What is the BLOOM study?

The BLOOM clinical study is researching an investigational treatment to see if it may work in treating Sjogren’s Disease. BLOOM is specifically for people with ‘primary’ Sjogren’s Disease, meaning that their disease developed on its own and is not the consequence of another disease.

The purpose of the BLOOM clinical study is to learn more about the safety and effectiveness of the investigational medication, compared to placebo. A placebo looks like the study medication but does not contain any active ingredient.

The study medication is not approved by any regulatory health agency to treat Sjogren’s Disease. It is only available to people with Sjogren’s in clinical studies like this one.

Who is eligible to participate in this clinical study?

You may be able to take part if you:

Are between 18 and 74 years old

Have a diagnosis of primary Sjogren’s Disease for at least 1 year at screening 

Have not had a recent change to your treatment for primary Sjogren’s Disease (if you currently receive such treatment) 

Are not breastfeeding, pregnant, planning to become pregnant or get your partner pregnant during the study

Please note that additional criteria apply.

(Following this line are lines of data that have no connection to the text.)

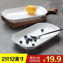 天天特价 大号2只装 12英寸长方深鱼盘家用碟 耐高温可蒸烤微波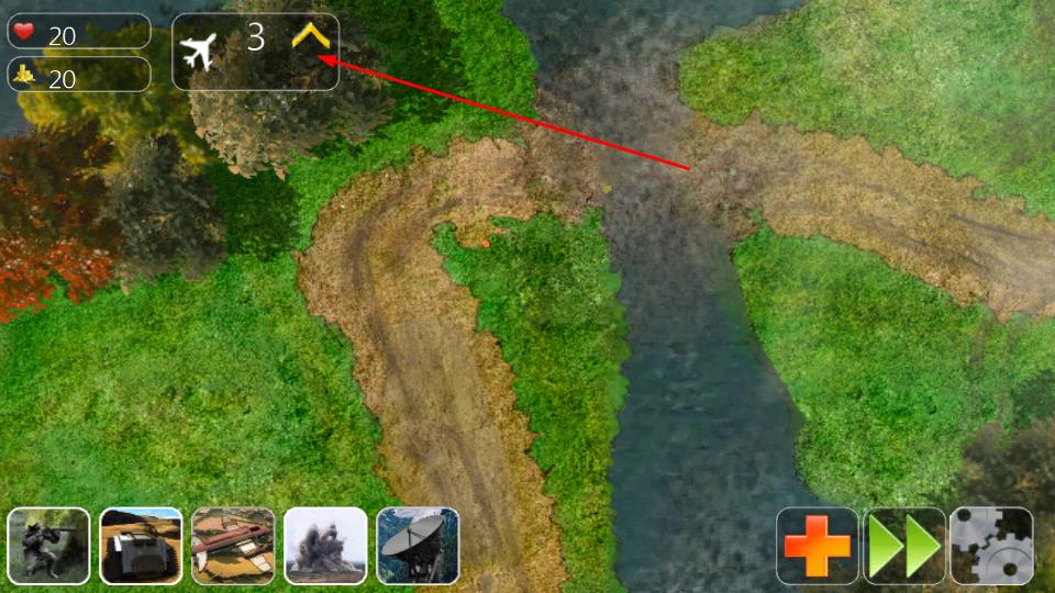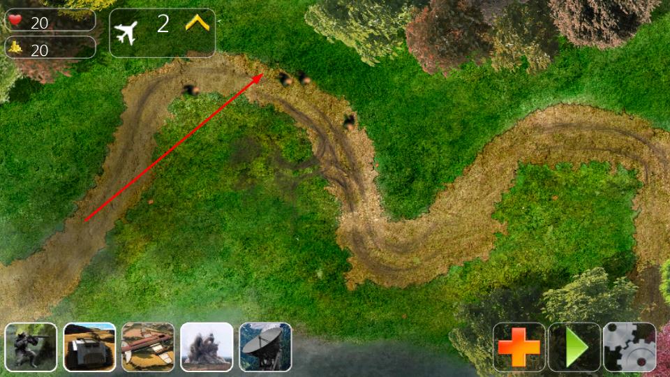 1、開局部署階段,觀察頂部生命20、金幣20及空襲次數(shù)飛機(jī)圖標(biāo),敵人沿彎曲路徑進(jìn)犯,點(diǎn)擊下方單位(士兵、坦克等布置防線。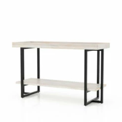 A transitional design balanced between industrial and French country makes for a darling addition with this sofa table. The table welcomes the opportunity to display an array of decor items in one place. Bring an amicable element to your entryway with this chic and charming table.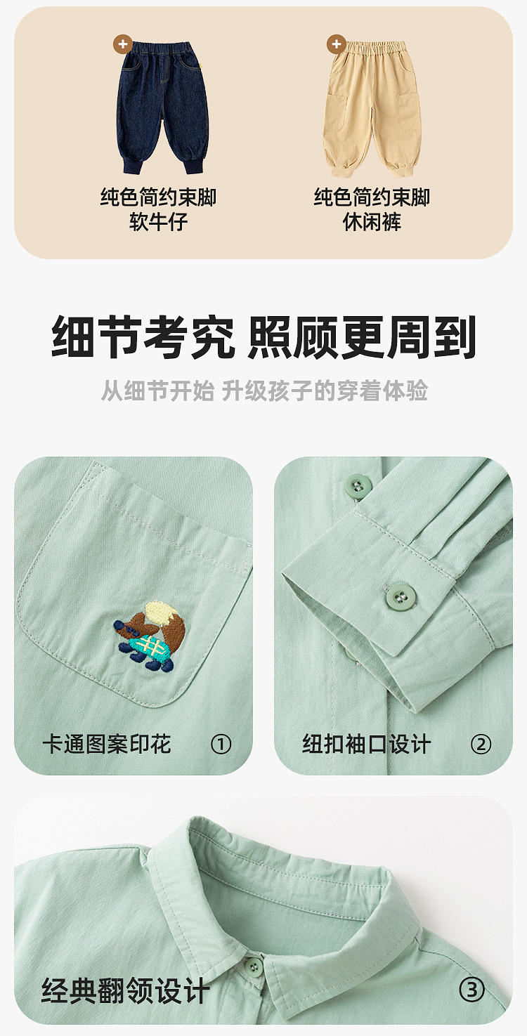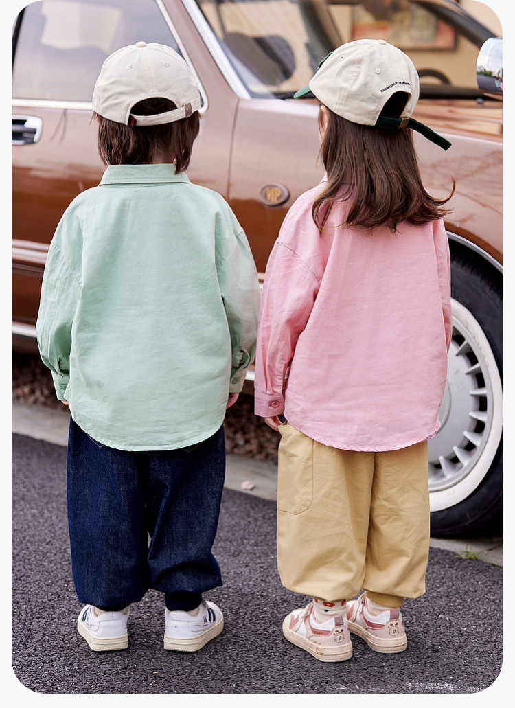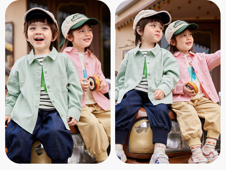 [입고 복장] Dudu 소년 셔츠 한국식 아기 소녀 셔츠 봄 아동 코트 캐주얼 바지

The study doctor/staff can help you understand which criteria you need to meet to qualify for this study.

All study-related visits, tests, and investigational treatment will be provided. You may be reimbursed for study visit-related parking, travel and meal expenses.

Click on the button to take a pre-screener and see if you qualify.

What will happen during this clinical study?

After the initial screening period, if you are eligible and agree to participate, you will begin the study.

You have a 2 in 3 chance of receiving the investigational treatment, and a 1 in 3 chance of receiving placebo. You and the study doctor/staff will not know which investigational treatment (investigational medication or placebo) you are receiving. However, in the event of an emergency, this information can be provided.

If you complete the study, you may have the option to enter a long-term extension (LTE) study.

Throughout the study, you will have the option to receive some injections at home. The study doctor/staff will talk with you more about this.

You will also be asked to attend about 17 clinic visits for health exams and tests to evaluate your health. After the first several visits, the remaining clinic visits will be scheduled on a monthly basis. Your total study participation (screening/treatment/follow-up) may last up to 57 weeks (approximately 14 months).